Was kommt nach dem Parteitag?
Wir überlegen mit anderen zusammen, eine Strategiediskussion zu führen. Was der LINKEN fehlt, ist aus meiner Sicht ein eigenes Projekt, wozu ich die Vier-in-einem-Perspektive vorgeschlagen habe. Andere haben etwas andere Perspektiven, aber auf jeden Fall brauchen wir irgendetwas Erkennbares, wofür es sich lohnt, in dieser Partei zu kämpfen. Und dann arbeiten wir nicht mehr am Programm, sondern verstärkt an der Perspektive dieser Partei. Sie braucht eine, sonst wird sie zerkrümelt werden, schon deswegen, weil sich die Schwarz-Grünen derartig blamiert haben, dass die SPD in der Opposition sich etwas nach links bewegt hat. In dem Maße, in dem die SPD das tut, wird man schnell sehen, dass die LINKE kein wirklich eigenes Profil hat. Unsere Präambel heißt »Kämpfe um Zeit«.
Worum geht es darin?
Es geht um die Wiederaneignung der entfremdeten Zeit, worin die Lohnarbeit und ihre gerechte Verteilung natürlich einen strategischen Platz einnimmt. Das würde ein Alleinstellungsmerkmal der LINKEN sein und man könnte praktisch alle Politik darauf zuspitzen. Marx hat gesagt: »Ökonomie der Zeit, darin löst sich schließlich alle Ökonomie auf«. Das kann man verstehen, sowohl im Großen der Gesellschaft, als auch im individuellen Leben. Es braucht der Mensch Zeit, um sich zu entwickeln und lernen zu können. Die Zeit, die er im Erwerbsarbeitsprozess verbringt, sollte anspruchsvoll gelebt werden, es ist Lebenszeit. Jetzt werden viele Menschen dort einfach vernutzt wie Maschinen und später zum alten Eisen befördert. Verlieren sie ihren Arbeitsplatz, bekommen sie keine freie Zeit, sondern eine riesige Bürokratie ist damit befasst, die frei gewordene Zeit mit Beschäftigungsprogrammen und Anträgen auszufüllen. Die sogenannte Vereinbarkeit von Beruf und Familie ist ein einziger Stress, besonders für die Frauen. Sich politisch zu engagieren und sich zu erlauben, eigene schöpferische Fähigkeiten zu entfalten, werden bloßer Luxus. Kämpfe um Zeit als Politik setzt an den Alltagserfahrungen an. Das muss doch ein Thema für die LINKE sein.
Und die Vision ist dann die 20-Stundenwoche?
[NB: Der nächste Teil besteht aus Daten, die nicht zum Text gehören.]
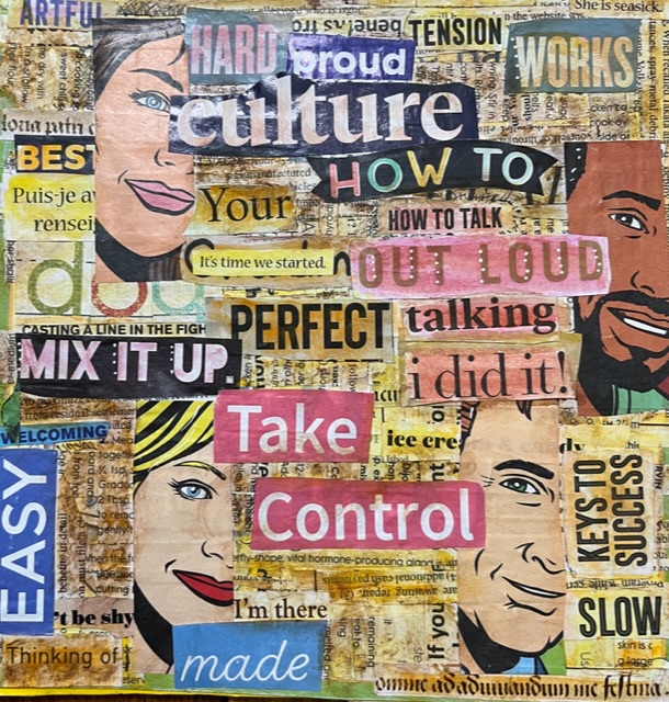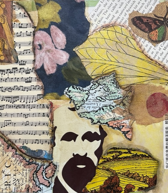 First, I pulled tons of colors and images from my collage boxes and Jennifer Coile’s gift of museum calendars. I trimmed them and laid them down, seeing who played nicely and who didn’t.
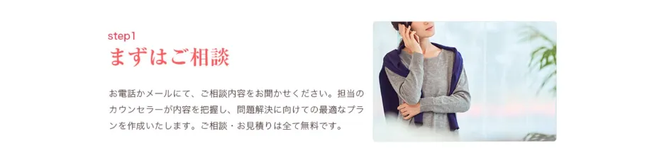 専門カウンセラーによるカウンセリングは無料で実施してくれるため、費用や調査内容についてしっかりと話を聞いたうえで依頼するかを検討できます。

Nicht allein, sie ist ein Element davon. Die 20-Stundenwoche gehört in die Vision von einem Menschen hinein, der sein Leben in die Hand nehmen kann. Er kann sich künstlerisch betätigen oder tanzen oder Märchen erzählen, in die Politik eingreifen, fürsorglich tätig und dabei erwerbstätig sein. Ich sehe die 20-Stundenwoche nicht als Einzelziel. Da denke ich wie Rosa Luxemburg: »Jedes für sich allein gesprochen wird reaktionär auf Dauer«. Verknüpft mit den anderen drei Zielen wird es eine völlig andere Politik.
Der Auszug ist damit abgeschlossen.